Parker started picking up assorted cases at local wine stores. "I read different publications, trying to get to where I had the knowledge from vine to wine, how it was made and what affected the taste," he says.
And he's also concerned with value. "I'm very cost-conscious, and I'm always looking for the next bargain," he says. Often, he opts for Bordeaux, especially châteaus Cos-d'Estournel, Mouton-Rothschild and Gazin. "I think that every year, for the most part, Cos-d'Estournel and Gazin provide very good values for very good wines, and I really like what Mouton does, especially in the off years," says Parker, who particularly likes Château Mouton-Rothschild 1993.
Just as football indirectly introduced Parker to wine, the NFL fostered his vinous hobby. The league sponsors a continuing-education program that provides internships for football players interested in learning about different careers. Parker knew exactly what he wants to pursue after football -- both broadcasting and wine.
While with the Kansas City Chiefs, Parker had interviewed local chefs on a cable television show called Gridiron Gourmet. Having already dabbled in broadcasting, Parker then chose to intern for a week at the Robert Mondavi Winery in 1998.
"I spent one day doing every part of the wine business," says Parker. Last season, he returned to the winery for two weeks, spending the first half of his stay helping to give tastings and tours to trade groups. Then, Parker was on his own.

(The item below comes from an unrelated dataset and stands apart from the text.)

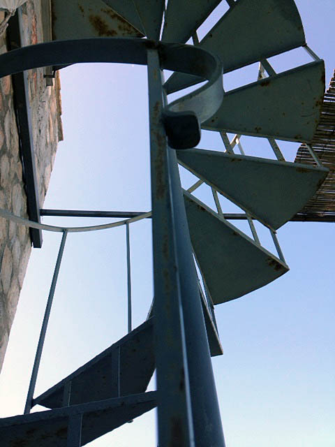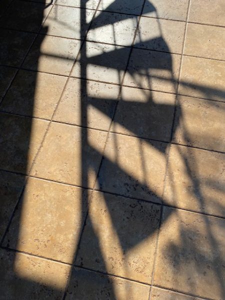 Unsere Wendeltreppe wirft ihren Schatten aufs Pflaster. Hinaufsteigen – hinabsteigen – derselbe Weg.
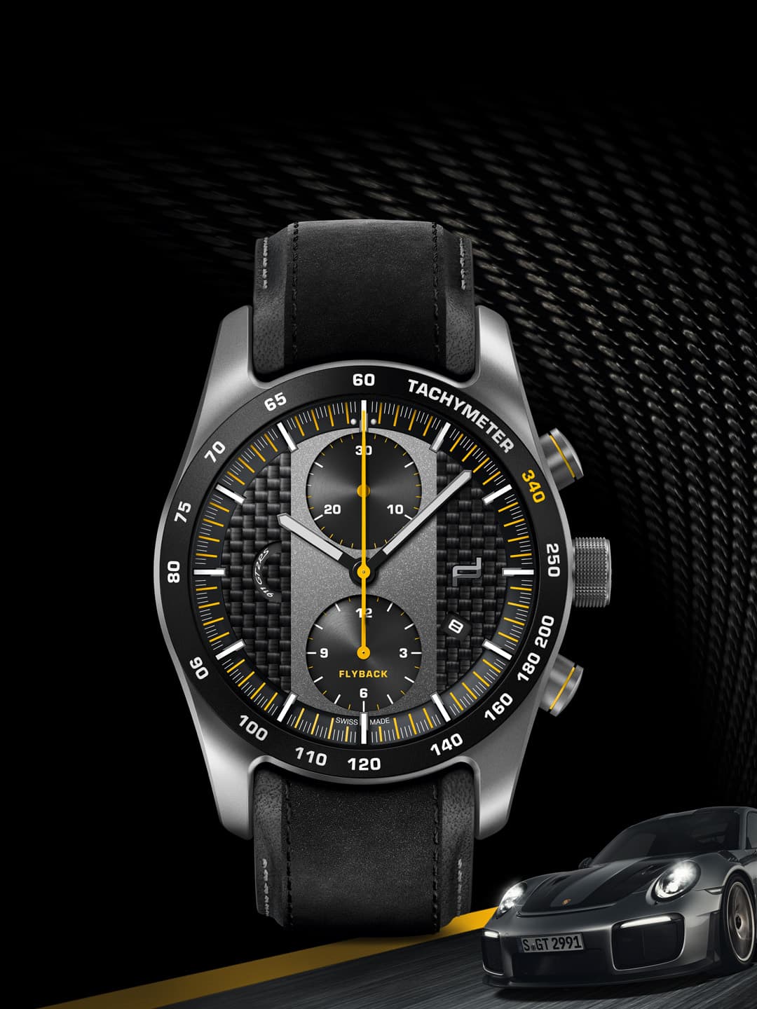Owners of GT models, special models or Exclusive Manufaktur models can have their personal Porsche Design Chronograph exclusively manufactured to match their sports car. The individual and unmistakable features of the respective Porsche model are incorporated and transferred to the design, materials and color scheme of the chronograph. The watches are strictly limited to the number of vehicles produced and are manufactured in the in-house factory according to customer orders.

"I gave public tours all by myself, just wandering around the winery," he says. "It was a lot of fun." It was especially fun for those getting the tour, who didn't foresee being led through the vineyard by a pro football player. "What I tried to do was inform everybody right at the start that I was an intern and what I did for a living," he says. "So many people have the vision that football players make so much money they can just retire. But you have to do something with your life. And I have a passion for wine."
Parker also has a place in the kitchen. Football season, his craziest time of the year, is his busiest time at the stove. "Cooking to me is a real stress reliever," he says. "I come home from a very hard day at practice, working out and learning new plays. One of my favorite things is to sit behind the counter and start chopping up vegetables."
Parker assumed the cooking role when his wife got pregnant with their first child. "She didn't enjoy the taste of her own food, so it was destined for me to take over," he says. "And I said, 'If I'm going to do this, I'm going to do it right.'"
He went to Daniel's Restaurant in Hamburg, N.Y., and asked the chef, Daniel Johengen, if he could watch, study and learn the business. "I really got into it -- learning the prep work, stocks and sauces and being right with them on the line."
Parker recently enjoyed a particularly gluttonous dinner of his own -- one that took six hours to eat. It turns out that the head chef of New York's Lespinasse, Christian Delouvrier, is the brother-in-law of Giants strength coach John "Mother" Dunn. Says Parker, "I found this out and said, 'Oh my God! Get me in!'"
Within three days, Parker and three of his teammates, quarterbacks Kerry Collins and Jason Garrett and kicker Brad Daluiso, secured a reservation. "We had a lot of Alsatian wine with a little bit of residual sugar. The way they stood up to the fish dishes was great," says Parker. By night's end, the four football players downed 15 courses of food -- including three main courses each.
Parker, a self-proclaimed "non-recipe cooker," treats his family to home-cooked meals three or four times a week.
Of course, the wine he craves is a deciding factor. Says Parker, "There are days when you get done with a day of football and you're just like, wow, I need to sit down, relax, have a good meal and a great bottle of '87 BV Cab."